For instance, the NIEEB should not in appearance be a politicized representation. Instead, it is merely an organ to facilitate easy comprehension and compliance with indigenisation legislator requirements — a convenience for foreign investors. Perhaps subtle, but there is a profound difference!
We bemoan how indigenisation has been misunderstood, and that we have tried over and over again to clarify the laws.
These are simply admissions that we have failed to market our foreign investment laws as part of our aspirations to forge mutually beneficial relationships with partners who can contribute to creating socio-economic integration in Zimbabwe.
In effect, indigenisation is the solution to the very same marginalisation that has not only caused global economic slowdown, but social instability, confliction, and dire circumstances for the economically excluded.
Other institutions can learn from Finance and Economic Development Minister Patrick Chinamasa. His tenure thus far has been an example of how diplomatic persuasion can garner the attention of business.
You can hear this sentiment in the hallways within many embassies in the capital. Granted, actual investment figures are not where they should be, but in terms of traction in perception, he has done exceptionally well!

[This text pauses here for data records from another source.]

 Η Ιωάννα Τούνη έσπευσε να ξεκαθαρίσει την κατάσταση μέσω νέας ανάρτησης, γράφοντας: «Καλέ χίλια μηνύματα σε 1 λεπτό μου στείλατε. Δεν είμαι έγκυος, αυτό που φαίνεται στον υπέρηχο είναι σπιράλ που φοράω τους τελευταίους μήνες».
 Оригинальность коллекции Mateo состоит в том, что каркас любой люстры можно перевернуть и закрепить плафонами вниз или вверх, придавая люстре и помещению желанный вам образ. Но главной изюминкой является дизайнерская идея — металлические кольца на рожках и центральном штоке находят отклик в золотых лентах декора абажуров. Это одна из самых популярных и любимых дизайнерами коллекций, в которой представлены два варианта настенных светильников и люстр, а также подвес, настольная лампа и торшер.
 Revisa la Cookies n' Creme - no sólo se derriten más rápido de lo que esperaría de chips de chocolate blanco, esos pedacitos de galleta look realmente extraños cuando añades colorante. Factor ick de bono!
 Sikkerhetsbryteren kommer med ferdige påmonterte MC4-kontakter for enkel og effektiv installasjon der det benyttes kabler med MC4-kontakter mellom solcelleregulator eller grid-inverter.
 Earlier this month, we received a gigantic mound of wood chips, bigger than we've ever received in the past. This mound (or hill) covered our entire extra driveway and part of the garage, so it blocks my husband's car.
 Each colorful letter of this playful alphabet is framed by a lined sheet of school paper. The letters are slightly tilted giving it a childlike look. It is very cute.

Third, do not be desperate and make the deal about you more than it is about your counterpart. Every month a different foreign delegation is flying into Zimbabwe.
However, deals are not being executed.
Are we conveying the right signals when we meet? In a wonderful article earlier this week in The Herald, Lloyd Gumbo raised concerns about the bureaucracy and red tape that welcomed Aliko Dangote’s retinue.
While our intentions were obviously diplomatically sincere, perhaps we showed a little over eagerness and could have caused inconvenience to business.
Also, if public discourse portrays predominant attitudes, in Dangote’s example, we focused on the billions he will pour into Zimbabwe, but very little elaboration on whether Zimbabwe will make him billions as well?
It should be an equal delight for us to be an economy where investors will find lucrative returns, and we must expound on that.
Such omission of consideration could be why we have yet to become competitive in terms of procedures surrounding locking in investment.
A few examples would be how Zimbabwe’s trademark system is not computerised; one has to look at files one by one.
We may still have a shortage of intellectual property (IP) experts as we lack patent attorneys and IP auditors.
These only cater to initial investment procedures.
It is inevitable in business that deal counterparts will have conflict. Do we have efficient substantive legal protection for foreign investors?
These are just a few procedural concerns that inform Green Field investors.
Deals must in effect be win-win.
We should get our share, but the best deals leave our counterparts feeling secure, delighted, and prospectively optimistic about long term returns from our mutually beneficial covenants.